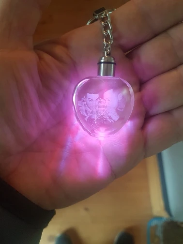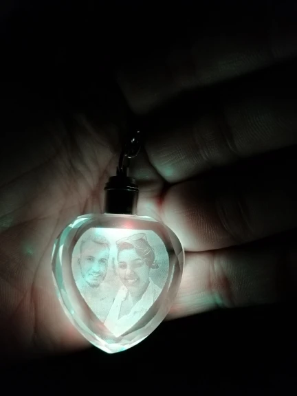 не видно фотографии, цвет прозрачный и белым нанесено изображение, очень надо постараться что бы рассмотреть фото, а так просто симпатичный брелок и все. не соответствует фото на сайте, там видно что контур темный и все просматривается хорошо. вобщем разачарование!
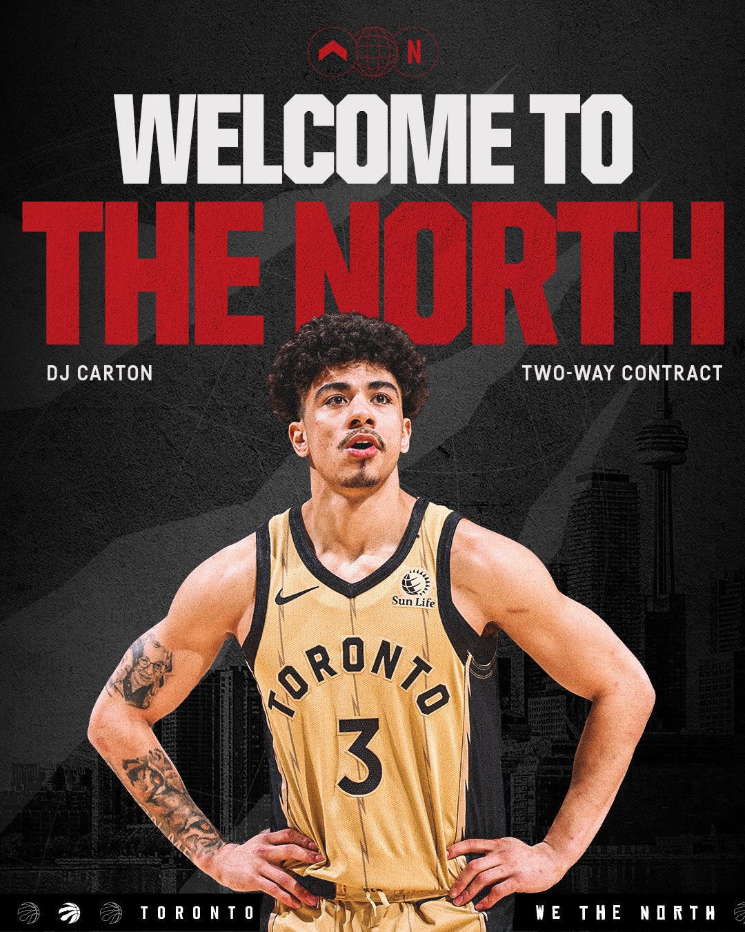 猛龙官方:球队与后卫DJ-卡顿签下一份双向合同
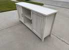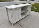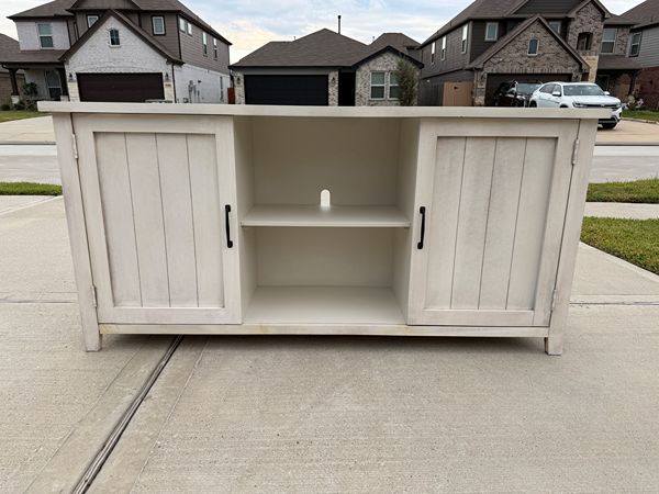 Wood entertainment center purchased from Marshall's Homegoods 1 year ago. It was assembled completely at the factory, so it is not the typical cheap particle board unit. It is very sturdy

* * *

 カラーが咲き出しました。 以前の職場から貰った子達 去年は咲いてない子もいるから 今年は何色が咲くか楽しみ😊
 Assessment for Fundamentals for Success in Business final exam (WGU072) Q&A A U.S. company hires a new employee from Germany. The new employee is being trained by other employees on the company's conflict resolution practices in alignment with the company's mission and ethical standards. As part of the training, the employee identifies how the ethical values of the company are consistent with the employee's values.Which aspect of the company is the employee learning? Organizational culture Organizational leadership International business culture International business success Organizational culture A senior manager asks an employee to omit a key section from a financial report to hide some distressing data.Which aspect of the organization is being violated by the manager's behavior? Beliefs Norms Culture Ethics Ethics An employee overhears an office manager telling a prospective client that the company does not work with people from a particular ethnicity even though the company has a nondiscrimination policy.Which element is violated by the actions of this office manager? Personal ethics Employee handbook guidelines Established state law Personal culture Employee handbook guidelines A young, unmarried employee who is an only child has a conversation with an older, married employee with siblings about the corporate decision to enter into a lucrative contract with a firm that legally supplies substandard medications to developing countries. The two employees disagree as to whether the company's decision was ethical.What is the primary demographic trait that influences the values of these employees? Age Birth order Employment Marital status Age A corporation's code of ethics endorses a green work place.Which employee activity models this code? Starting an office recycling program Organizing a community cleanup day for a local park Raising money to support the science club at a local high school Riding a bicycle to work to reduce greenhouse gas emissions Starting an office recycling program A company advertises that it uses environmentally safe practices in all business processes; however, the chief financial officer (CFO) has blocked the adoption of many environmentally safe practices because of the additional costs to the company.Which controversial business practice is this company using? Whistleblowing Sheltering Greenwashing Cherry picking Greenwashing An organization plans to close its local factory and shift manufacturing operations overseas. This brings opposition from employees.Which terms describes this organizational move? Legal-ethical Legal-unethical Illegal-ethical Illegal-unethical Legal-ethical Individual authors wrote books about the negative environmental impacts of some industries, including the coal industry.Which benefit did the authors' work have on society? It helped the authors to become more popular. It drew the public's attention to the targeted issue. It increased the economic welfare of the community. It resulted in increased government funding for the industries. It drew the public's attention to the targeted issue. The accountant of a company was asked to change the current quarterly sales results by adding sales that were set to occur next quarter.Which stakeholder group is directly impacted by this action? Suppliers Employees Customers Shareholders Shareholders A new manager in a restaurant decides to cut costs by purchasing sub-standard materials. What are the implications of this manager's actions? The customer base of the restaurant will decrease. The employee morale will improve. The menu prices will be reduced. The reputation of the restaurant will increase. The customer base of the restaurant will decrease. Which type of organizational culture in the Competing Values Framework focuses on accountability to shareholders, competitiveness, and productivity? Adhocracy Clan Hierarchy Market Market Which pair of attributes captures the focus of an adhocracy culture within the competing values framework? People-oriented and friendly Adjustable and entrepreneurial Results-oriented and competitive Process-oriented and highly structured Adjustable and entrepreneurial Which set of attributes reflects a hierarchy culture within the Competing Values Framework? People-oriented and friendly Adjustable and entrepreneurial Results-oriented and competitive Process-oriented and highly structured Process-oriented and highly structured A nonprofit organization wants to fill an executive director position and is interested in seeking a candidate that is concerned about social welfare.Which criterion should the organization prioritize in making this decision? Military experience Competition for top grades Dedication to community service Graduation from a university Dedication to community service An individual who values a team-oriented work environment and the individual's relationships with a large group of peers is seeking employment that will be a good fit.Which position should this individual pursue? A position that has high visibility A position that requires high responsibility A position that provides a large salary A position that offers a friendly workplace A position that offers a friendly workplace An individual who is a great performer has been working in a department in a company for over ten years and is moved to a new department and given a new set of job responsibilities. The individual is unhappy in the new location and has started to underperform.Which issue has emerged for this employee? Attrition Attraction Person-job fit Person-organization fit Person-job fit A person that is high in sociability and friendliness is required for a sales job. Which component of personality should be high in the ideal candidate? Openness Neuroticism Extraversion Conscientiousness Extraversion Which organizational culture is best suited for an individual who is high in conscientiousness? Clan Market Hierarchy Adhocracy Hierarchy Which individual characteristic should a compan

* * *

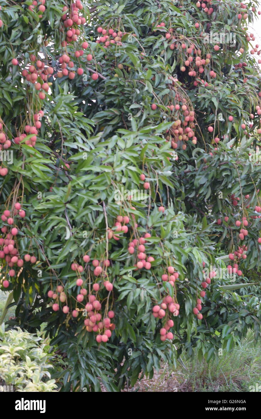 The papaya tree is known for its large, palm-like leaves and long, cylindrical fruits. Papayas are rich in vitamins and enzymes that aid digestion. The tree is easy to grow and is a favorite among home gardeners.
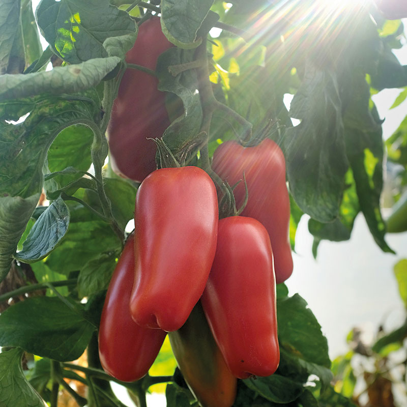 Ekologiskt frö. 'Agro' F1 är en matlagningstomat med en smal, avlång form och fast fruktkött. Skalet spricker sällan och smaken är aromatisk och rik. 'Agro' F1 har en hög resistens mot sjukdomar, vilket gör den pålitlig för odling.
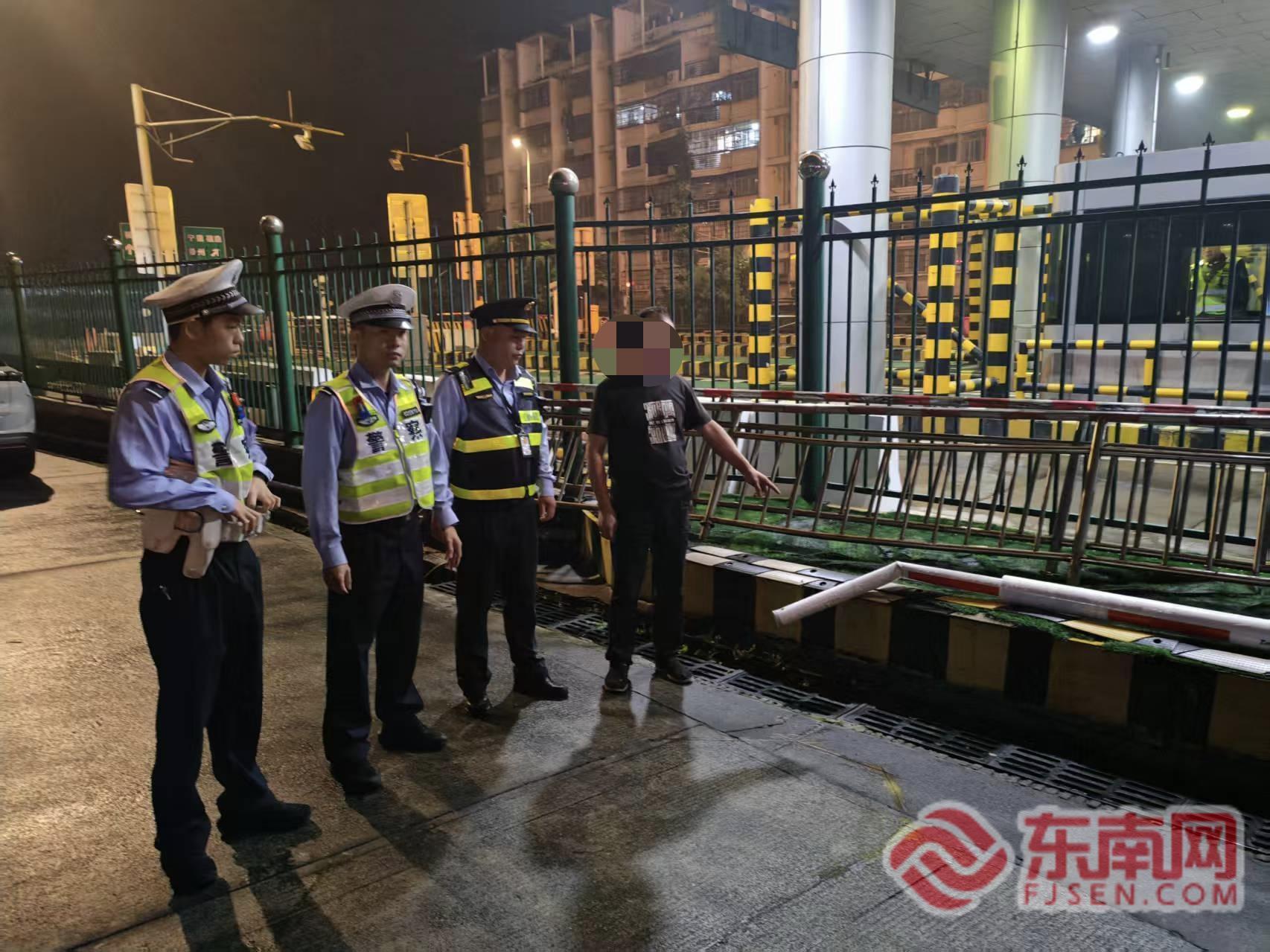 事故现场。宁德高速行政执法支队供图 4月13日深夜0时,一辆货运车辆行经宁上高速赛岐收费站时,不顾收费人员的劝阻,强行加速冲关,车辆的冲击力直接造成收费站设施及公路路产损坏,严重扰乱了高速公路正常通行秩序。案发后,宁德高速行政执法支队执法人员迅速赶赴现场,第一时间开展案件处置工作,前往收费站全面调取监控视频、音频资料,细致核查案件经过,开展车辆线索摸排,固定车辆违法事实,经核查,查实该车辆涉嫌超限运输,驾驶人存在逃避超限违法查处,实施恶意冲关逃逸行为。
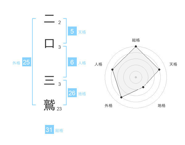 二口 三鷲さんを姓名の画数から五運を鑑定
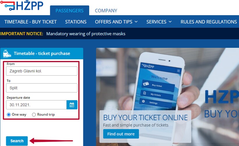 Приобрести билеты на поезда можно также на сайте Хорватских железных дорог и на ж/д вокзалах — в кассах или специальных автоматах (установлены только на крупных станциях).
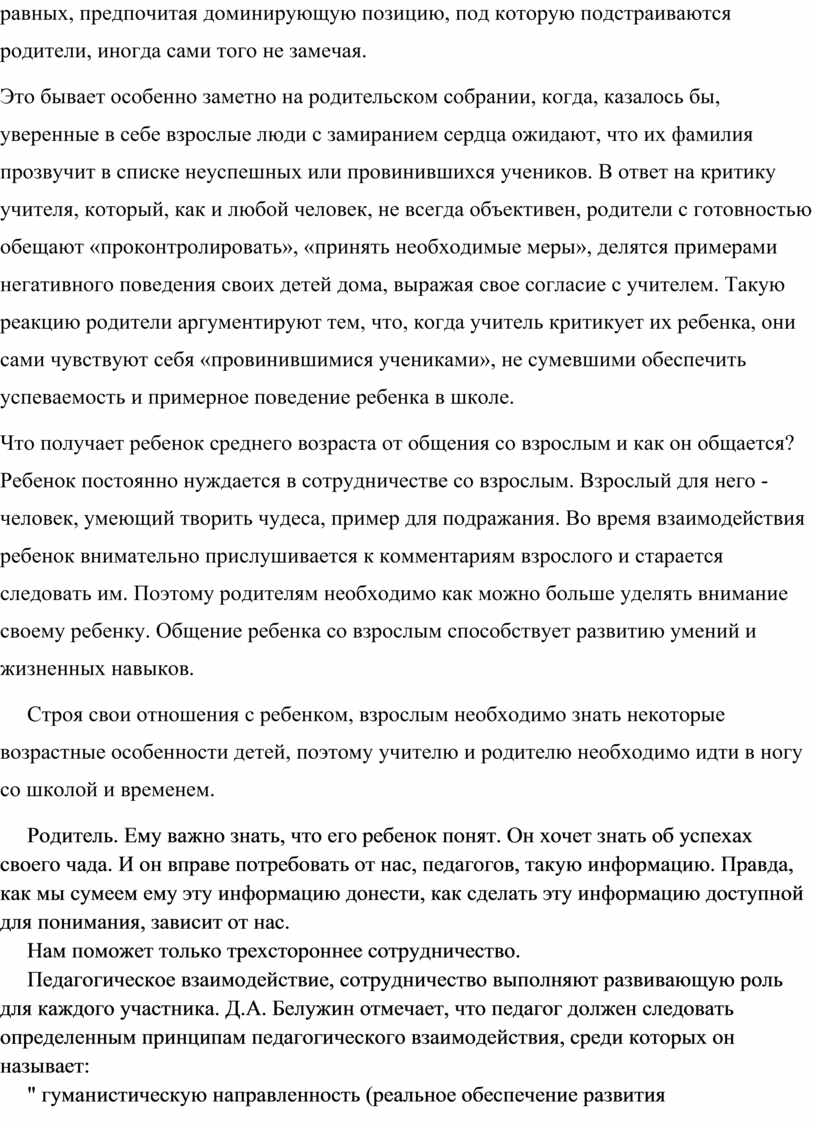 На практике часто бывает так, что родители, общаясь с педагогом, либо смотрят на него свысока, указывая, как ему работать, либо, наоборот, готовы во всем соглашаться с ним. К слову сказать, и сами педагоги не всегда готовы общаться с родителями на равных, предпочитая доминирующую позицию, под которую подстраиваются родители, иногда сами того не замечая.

* * *

TASK ITEM: Without the pictures, set down the lines above from the line with "The papaya tree" up to and including the line with "Приобрести билеты на" exactly as they stand.

THE ANSWER:
 The papaya tree is known for its large, palm-like leaves and long, cylindrical fruits. Papayas are rich in vitamins and enzymes that aid digestion. The tree is easy to grow and is a favorite among home gardeners.
 Ekologiskt frö. 'Agro' F1 är en matlagningstomat med en smal, avlång form och fast fruktkött. Skalet spricker sällan och smaken är aromatisk och rik. 'Agro' F1 har en hög resistens mot sjukdomar, vilket gör den pålitlig för odling.
 事故现场。宁德高速行政执法支队供图 4月13日深夜0时,一辆货运车辆行经宁上高速赛岐收费站时,不顾收费人员的劝阻,强行加速冲关,车辆的冲击力直接造成收费站设施及公路路产损坏,严重扰乱了高速公路正常通行秩序。案发后,宁德高速行政执法支队执法人员迅速赶赴现场,第一时间开展案件处置工作,前往收费站全面调取监控视频、音频资料,细致核查案件经过,开展车辆线索摸排,固定车辆违法事实,经核查,查实该车辆涉嫌超限运输,驾驶人存在逃避超限违法查处,实施恶意冲关逃逸行为。
 二口 三鷲さんを姓名の画数から五運を鑑定
 Приобрести билеты на поезда можно также на сайте Хорватских железных дорог и на ж/д вокзалах — в кассах или специальных автоматах (установлены только на крупных станциях).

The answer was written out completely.